**PROBLEM DETAILS:**
From the line containing "辅导员们先是详细介绍了国家对" down to the last line of the material, output each line exactly as it appears, excluding pictures.

**GIVEN MATERIAL:**
+++++
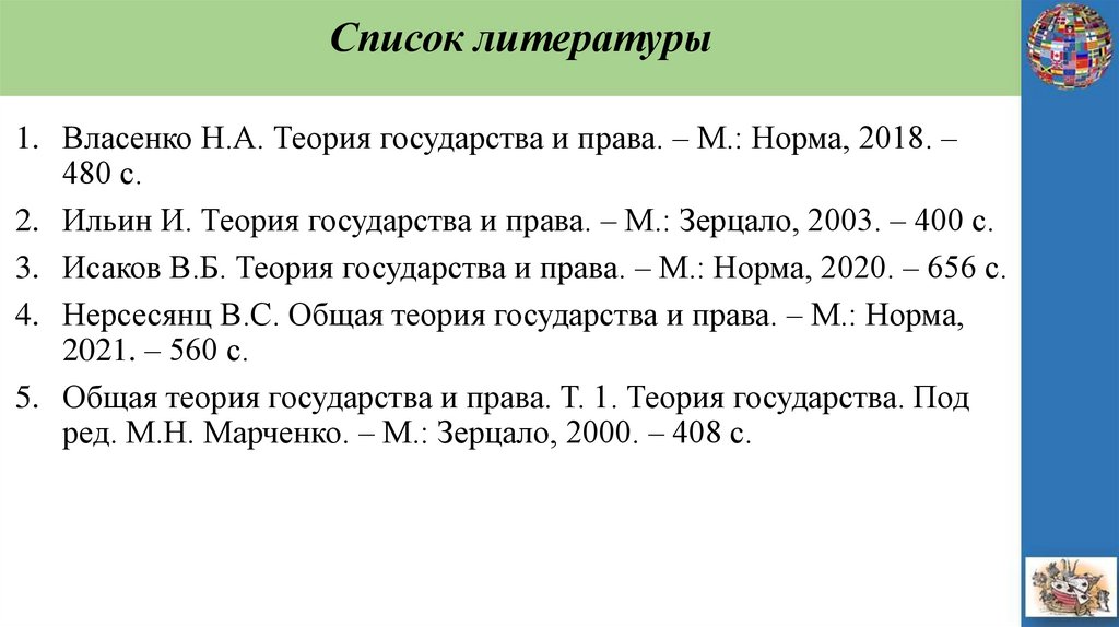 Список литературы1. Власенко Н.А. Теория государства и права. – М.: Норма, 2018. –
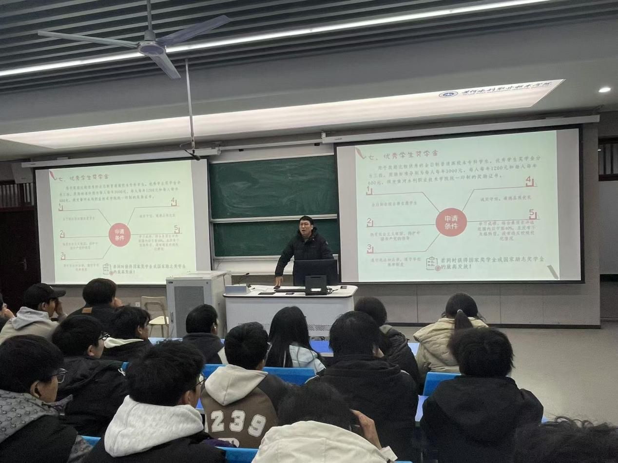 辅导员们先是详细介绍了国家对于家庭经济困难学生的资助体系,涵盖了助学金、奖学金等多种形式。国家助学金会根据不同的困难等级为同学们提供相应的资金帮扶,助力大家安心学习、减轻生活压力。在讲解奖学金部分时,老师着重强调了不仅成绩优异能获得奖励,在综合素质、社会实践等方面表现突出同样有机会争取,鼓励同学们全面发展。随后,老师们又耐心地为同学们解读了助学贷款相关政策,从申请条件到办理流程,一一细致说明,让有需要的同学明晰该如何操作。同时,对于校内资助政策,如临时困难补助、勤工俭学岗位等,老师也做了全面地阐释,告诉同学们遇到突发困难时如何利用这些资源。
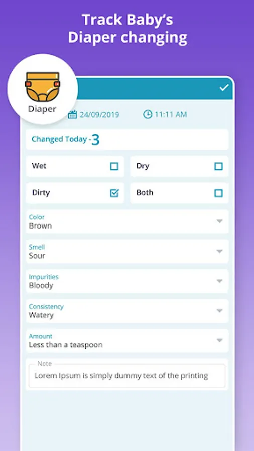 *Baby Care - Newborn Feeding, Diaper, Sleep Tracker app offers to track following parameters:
+++++
**ANSWER TO THE EXERCISE:**
 辅导员们先是详细介绍了国家对于家庭经济困难学生的资助体系,涵盖了助学金、奖学金等多种形式。国家助学金会根据不同的困难等级为同学们提供相应的资金帮扶,助力大家安心学习、减轻生活压力。在讲解奖学金部分时,老师着重强调了不仅成绩优异能获得奖励,在综合素质、社会实践等方面表现突出同样有机会争取,鼓励同学们全面发展。随后,老师们又耐心地为同学们解读了助学贷款相关政策,从申请条件到办理流程,一一细致说明,让有需要的同学明晰该如何操作。同时,对于校内资助政策,如临时困难补助、勤工俭学岗位等,老师也做了全面地阐释,告诉同学们遇到突发困难时如何利用这些资源。
 *Baby Care - Newborn Feeding, Diaper, Sleep Tracker app offers to track following parameters:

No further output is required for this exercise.